I was also excited to hear about Gymnandiris sisyrichium.  I remember 
seeing a photo of that for the first time about two years ago and it 
knocked my socks off!  I've not found anyone else growing it in USA, but 
I'd love to see it in real life some time.  Perhaps reason enough for 
another trip back to Crete!



>the sheep couldn't get at them.
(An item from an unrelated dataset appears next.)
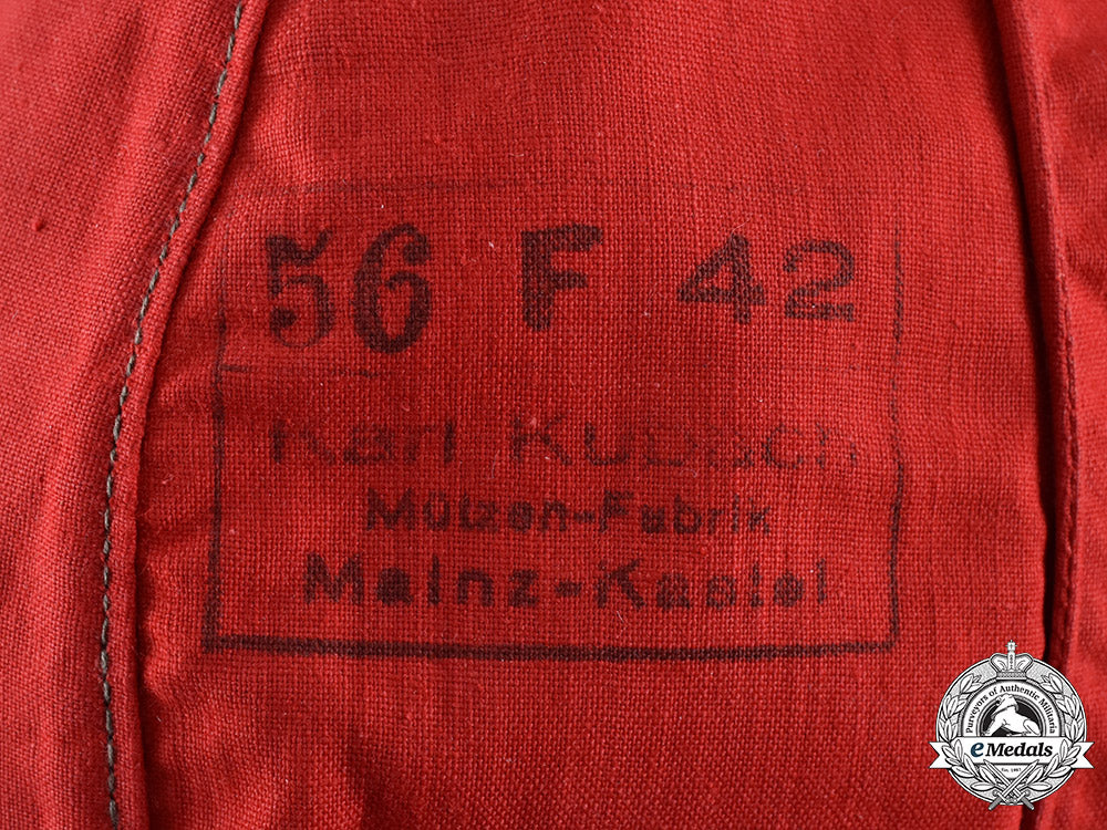 Beneath the eagle is a purple soutache, affixed to the cap by stitching on the exterior and looped through holes visible on the reverse of the paneling. The soutache surrounds a tri-colour embroidered cotton cockade, similarly on a light brown background and measuring 38 mm (w) x 34 mm (h). The interior of the cap features a complete red cotton liner secured in place with multiple rows of machine stitching. The crown is stamped with a black ink maker’s mark reading “KARL KUBACH, MÜTZEN-FABRIK, MAINZ-KASTEL”, with a size of “56” and a manufacture year of “42”. The cap measures approximately 285 mm (l) x 110 mm (h). Minor material fatigue is evident, but it is in an overall extremely fine condition.

Finally, the two or four (depending on 
>your authority) tulips of Crete: endemic T. saxatilis, growing on ledges 
>of rock outcrops; endemic T. cretica, mostly in crevices of a spectacular 
>vertical seaside cliff and in crevices of a black rock that I was told was 
>a form of serpentine, but there were outlying plants growing well in good 
>soil and I suspect the rocky habitat is mostly protection from rodents; T. 
>doerfleri, sometimes regarded as a form of T. orphanidea, in upland 
>meadows; and T. bakeri, which Grey-Wilson and Mathew call a dark color 
>form of T. saxatilis, growing especially in fields in the upland Omalos 
>Plain where sheep and goats had been excluded.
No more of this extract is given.